Cylichnus neglectus

Scientific classification
- Kingdom: Animalia
- Phylum: Arthropoda
- Class: Insecta
- Order: Coleoptera
- Suborder: Polyphaga
- Infraorder: Scarabaeiformia
- Family: Scarabaeidae
- Genus: Cylichnus
- Species: C. neglectus
- Binomial name: Cylichnus neglectus Péringuey, 1902

= Cylichnus neglectus =

- Genus: Cylichnus
- Species: neglectus
- Authority: Péringuey, 1902

Species of beetle

Cylichnus neglectus is a species of beetle of the family Scarabaeidae. It is found in South Africa (North West).

== Description ==
Adults reach a length of about 8 mm. They are testaceous brown, covered with very fine, minute, sub-flavescent hairs not set sufficiently close to each other to form a pubescence on the upper side. The shape and sculpture of the head and clypeus are similar to that of Cylichnus pilosulus. The pronotum is covered with nearly confluent punctures separated by irregular, not scabrose walls.
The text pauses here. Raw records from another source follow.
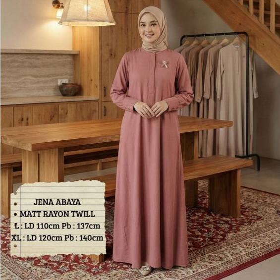 JENA ABAYA Gamis Rayon Twill Premium Jatuh Elegan Polos Busui Friendly & Wudhu Friendly
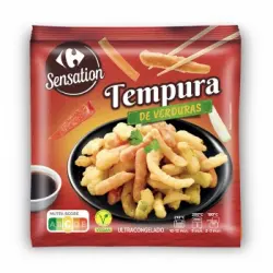 | Ingredientes: | Filetes de abadejo de Alaska MSC 65% (_pescado_ Theragra chalcogramma capturado en el Océano Pacífico Nordeste y Océano Pacífico Noroeste), harina de _trigo_, agua, aceite de girasol, sal, especias (pimentón y cúrcuma), levadura. |
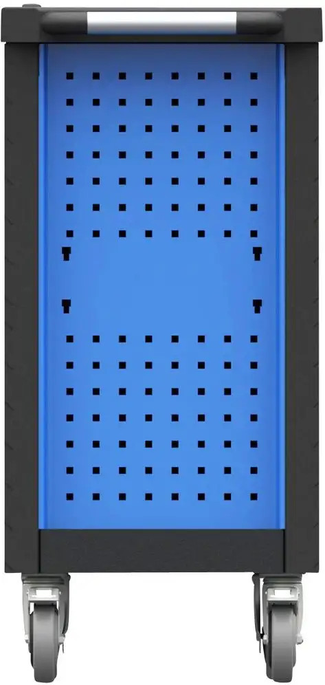 A biztonság és stabilitás terén is meggyőző: az élvédők, a központi zárás 2 kulccsal, valamint a két forgókeréken elhelyezett rögzítőfékek gondoskodnak arról, hogy minden a helyén maradjon, még a műhelykocsi mozgatása közben is. Az oldalfalak szabványos perforációja számos további bővítési lehetőséget kínál, például extra szerszámtartók felszereléséhez.
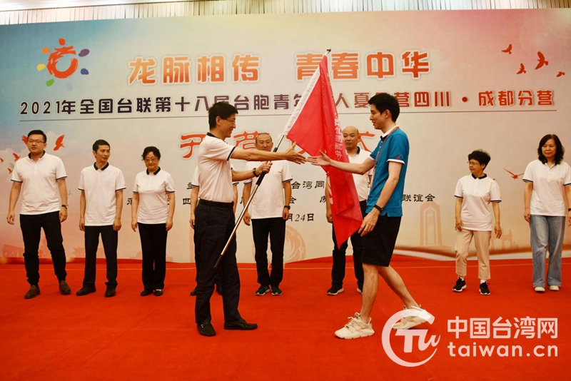 中國臺灣網7月26日訊 7月24日上午,由全國臺聯主辦,四川省臺灣同胞聯誼會、成都市臺灣同胞聯誼會承辦的“龍脈相傳 青春中華”2021年全國臺聯第十八屆臺胞青年千人夏令營四川·成都分營正式開營。四川省臺聯會長劉琪向營員代表授夏令營營旗。
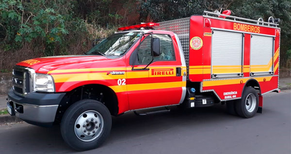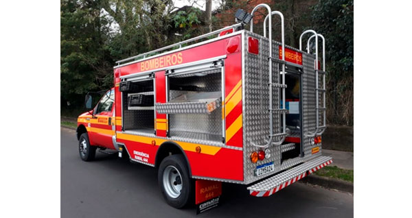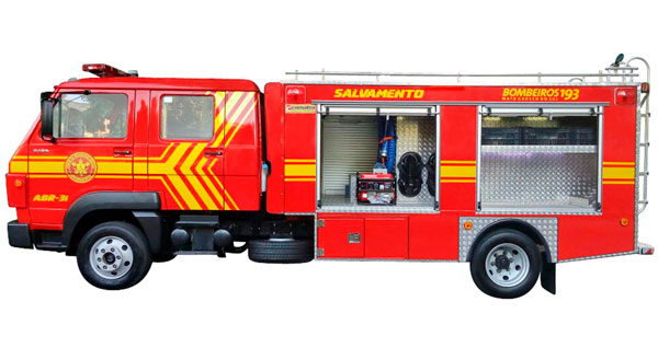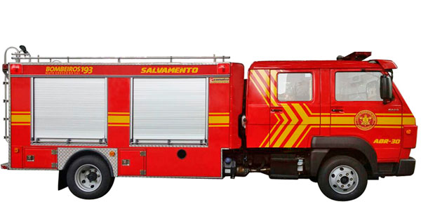Veículo de combate à incêndio cabine Dupla ou simples com capacidade de até 2.000 litros de água, com bomba de incêndio de 200 à 350 GPM, compartimentação de carga tipo persianas ou monobloco equipado com carretel de mangotinho, canhão monitor, guincho elétrico, torre de iluminação.
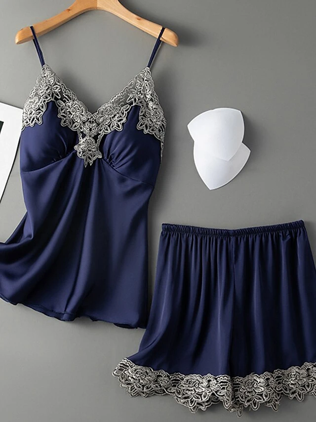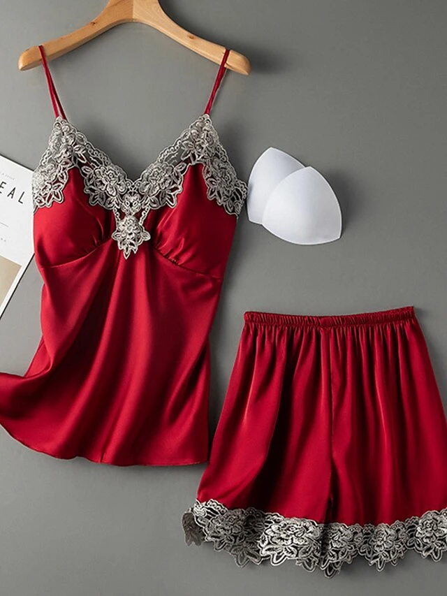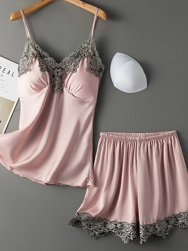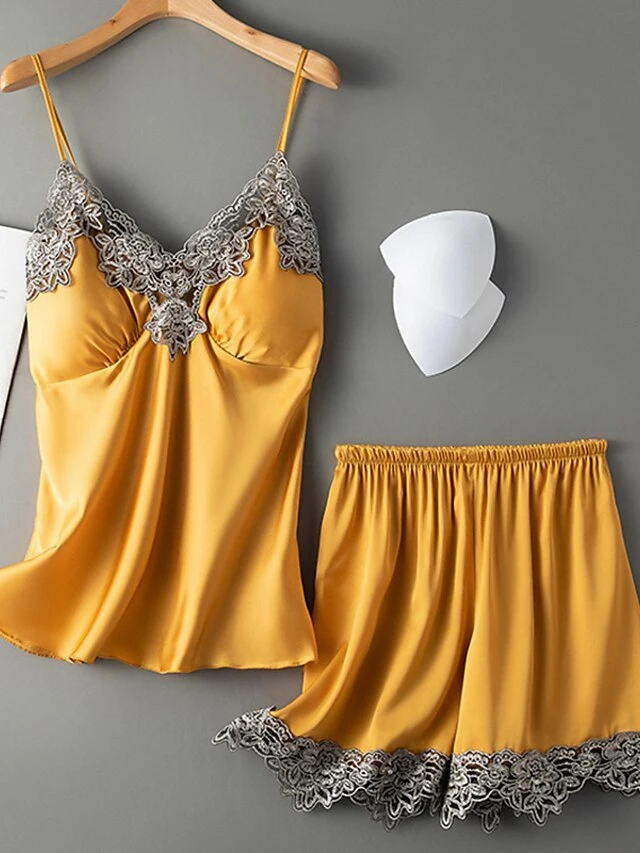 Women’s Pajama Satin Top And Pant Sets 2Pcs Pure Color Fashion Casual Soft Home Daily BedBreathable Straps Sleeveless Strap Top Shorts Chest Pads Removable Pad Summer Spring Lotus Pink Yellow
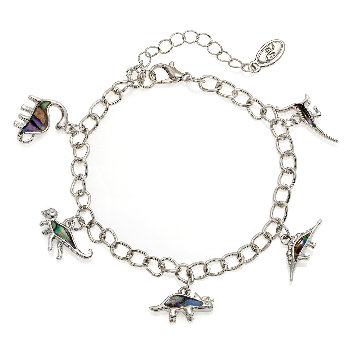 SILVER BRACELET WITH PAUA SHELL & SILVER DINOSAURS
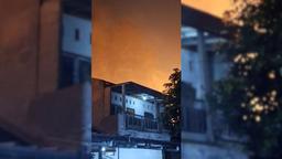 Smoke billows behind a building after a fire broke out at a liquefied petroleum gas filling station near a residential area, in Bekasi, Indonesia, April 1, 2026, in this screengrab from video obtained from social media. @AnaknyaKimSabu via X/via REUTERS
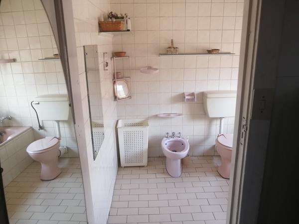 Upstairs, the property includes a functional, albeit dated, kitchen with ample cabinetry and a dedicated dining area. A bathroom with tiled walls and floor, featuring a toilet and bidet, adds to the property''s utility. The presence of security bars on windows and security gates on the exterior provides a foundational level of protection.
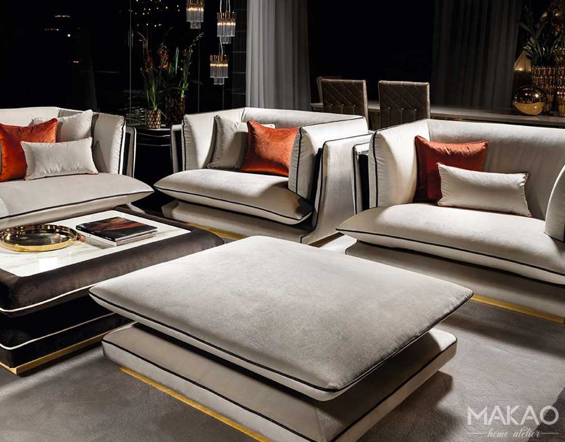 Elegancki kontur sprawia, że pufy Passione są idealnym dopełnieniem aranżacji salonu w stylu nowoczesnym.

The elytra, including the greatest part of the suture, are pluri-costulate and covered with nearly contiguous punctures, the irregular walls of which make the surface appear shagreened, and each puncture bears a minute appressed sub-flavescent hair. The pygidium is briefly pubescent all round, but has on the surface hairs similar to those on the elytra, and those on the underside, especially on the abdomen, are alike.